Of course, with content this malleable, it begs the question: What is the difference between a generated film and a game? In the middle of Jordan Peele’s Demolition Man, could I not simply say “let me play now,” and immediately take control of Millie Bobby Brown as officer Spartan? While I can’t tell you how to build this thing yet, I can tell you for sure that it will arrive as a simulation running a script, not as a linear sequence of authored images being rendered out one frame at a time. You will definitely be able to play it.
As we look at the rising tide of generated content that seems about to inundate our culture, it is easy to be fearful of a future where artists have been replaced by machines, but it is not so simple. There are two kinds of artists: creators who make nouns beautifully, and performers who do verbs beautifully (most artists are at least a bit of both). The last century, with the rise of broadcast media culture, the industrialization of entertainment, and centralized control over the economics of created artifacts, creators have benefited enormously compared to performers, but this is a historical anomaly. For the first 10,000-ish years of human culture, the balance was reversed, and the correction has been underway since Napster torpedoed the music industry below the waterline and the concept of albums intended to be listened to linearly on discs made of plastic stopped making sense.

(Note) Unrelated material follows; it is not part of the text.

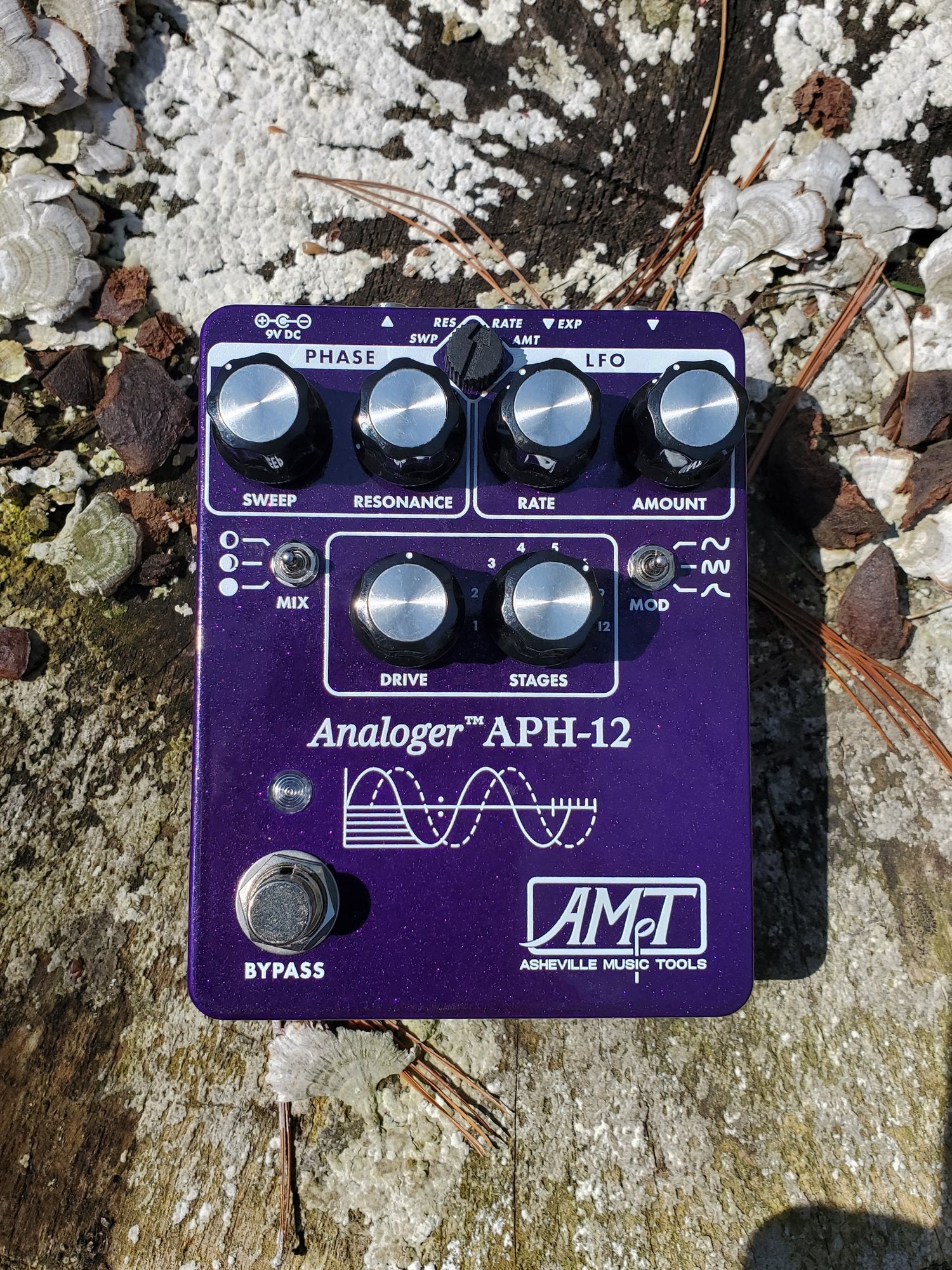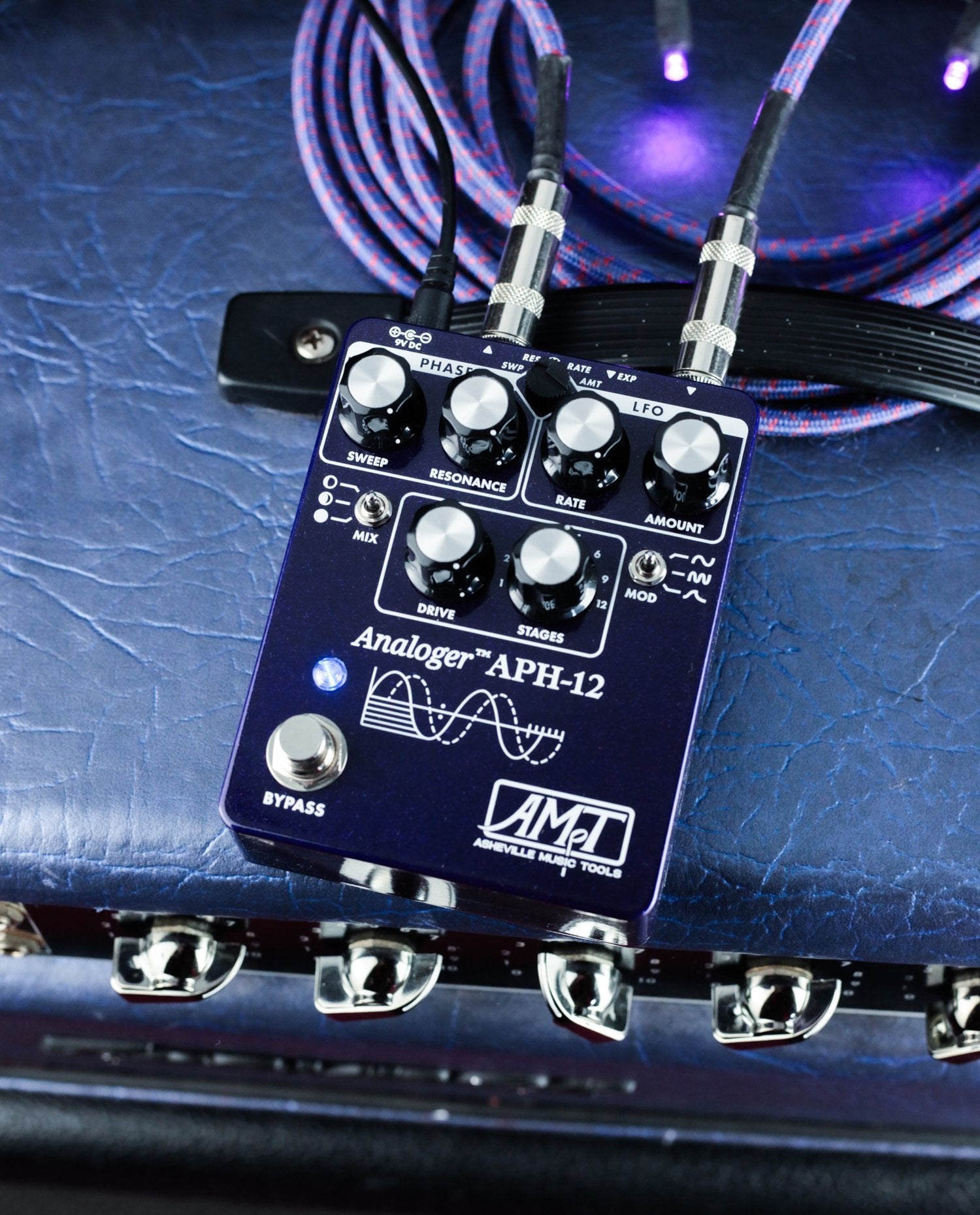 The Analoger Series APH-12 is a 100% analog 12-stage phase shifter with deep functionality in a compact footprint. It delivers not only classic phaser tones, but many features and sounds not normally associated with traditional phasers. With a selectable number of all-pass stages from 1 to 12, and our signature control voltage processing, multiple flavors of modulation sit at your fingertips. The APH-12 delivers classic or extreme phase shifting, faux Leslie warble, vibrato and tremolo, vocal envelope followed filter funkiness, and striking multi-peak EQing. Designed by Hawker, this pedal continues the legacy of high stage count phasers and adds some surprises and special features to install Purple pHaze all in your brain.
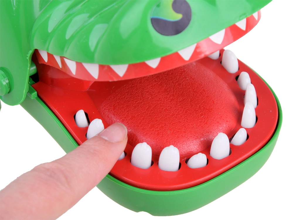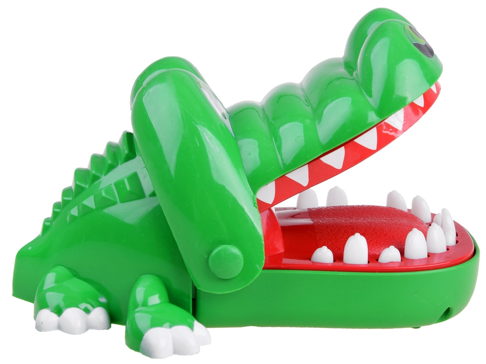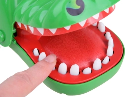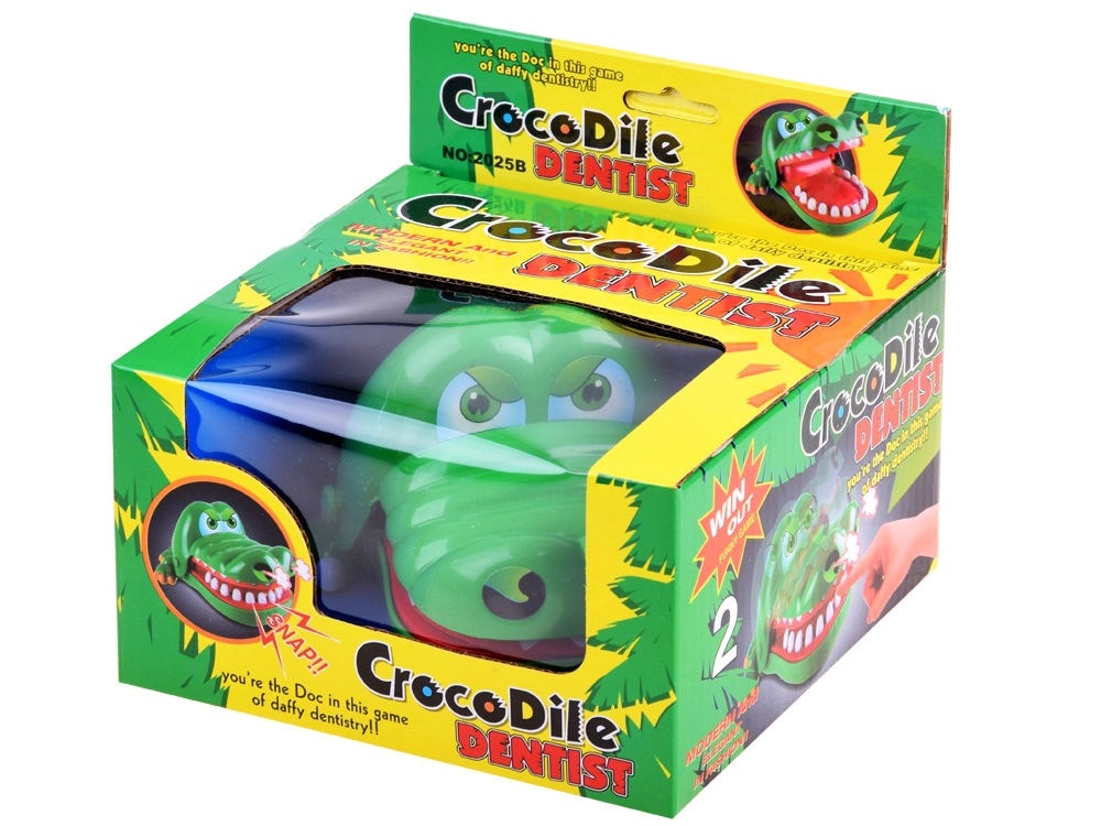 Γίνε ο οδοντίατρος ενός θαρραλέου κροκόδειλου! Οι παίκτες πατούν διαδοχικά τα δόντια – ένα είναι το «πονεμένο» και με το πάτημά του ο κροκόδειλος κλείνει ξαφνικά το στόμα. Γρήγορο παιχνίδι αντίδρασης για 2 ή περισσότερους παίκτες που προσφέρει αγωνία, γέλιο και εξασκεί αντανακλαστικά και υπομονή.

In the future — potentially as soon as 2032 — the process of making digital nouns beautifully will be fully automated. This will not obviate our desire or compulsion to continue making digital nouns (though it may challenge our ability to do so profitably). Nor will it impact our desire to perform… to play. No computer need ever lose a game of chess or go against a human, but this does not prevent us from wanting to play, to play better, or to learn to play beautifully. As humans, we will always find beauty and artfulness in what other humans can do, and our fascination with delineating the boundaries of what we are, and what we can be, is inescapable.